Sports stadium. There is no single building in the game for which location is more important. Sports stadiums have such a high maintenance cost, it's very hard to make any money with them unless they are constantly full. But when they are, oh boy! Don't build one too early, but save space for it in the entertainment district you've built in between your airport and hotels. A dock won't cut it for traffic, it needs to be in between an airport and at least six hotels. Prime the "sports-lover" pump by building a tennis court first. I've made over $100,000 with a stadium in the right location (I had two airports: one first class, one coach; twelve cheap hotels, six regular and four luxery when I built the stadium. It made well over $100,000 in twenty years.)
madmanbc: I'd like to point something out that hasn't been pointed out often. Your plant workers skill (or lack of) does not change the range of the power plant. Even with only one worker the range will be the same as a full plant with experienced workers. So you shouldn't have to build power plants next to buildings, just click the power plant with the eyeball open and it will show you where the end of the power available is. If you aren't producing enough power the area of effect will be yellow instead of green. It's actually a bad thing to build buildings next to power plants because of the pollution.

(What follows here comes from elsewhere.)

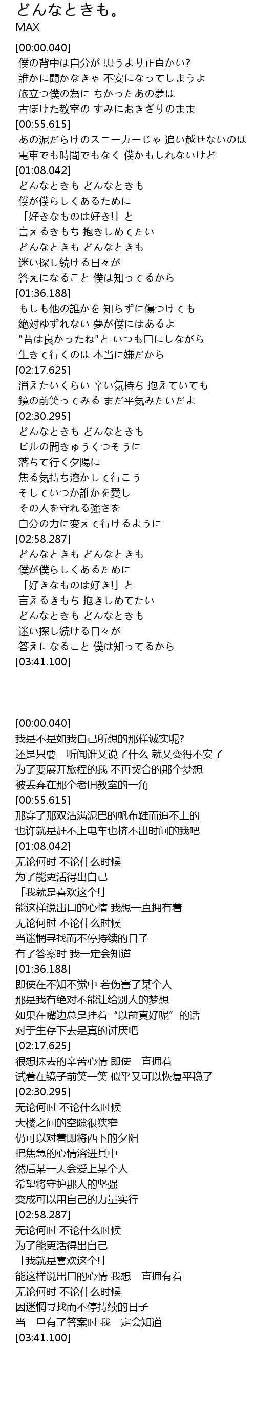 | [03:34.673] | 答えになること 僕は知ってるから |
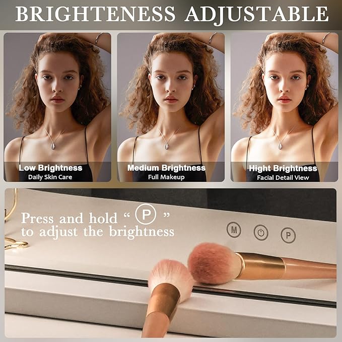 - [Upgraded Adjustable Brightness & 3 colors of light] There are 18 LED bulbs around the vanity mirror, and the 3 adjustable ranges are from cool white to warm yellow (3500-7000K). protecting your eyes.The brightness can be adjusted to meet your personal makeup needs. High lumen and life of more than 50,000 hours. Note: The LED bulb is embedded and cannot be adjusted or replaced.

caddet: I have found that having tons of teamsters is not as important as having teamsters everywhere. There is great benefit in having a teamster office near each export producing area of your map. But in most cases, you don't need to allow them to fully staff each office. Having 4 teamsters at each of 2 teamster offices can be much more efficient than having just one office with 8 teamsters. The added export efficiency more than makes up for the maintenance costs for the second building, if you place them properly.
The same works well with construction workers. When there's nothing left to build but roads, fire the extra construction workers so they will staff the factory (or whatever) you just built.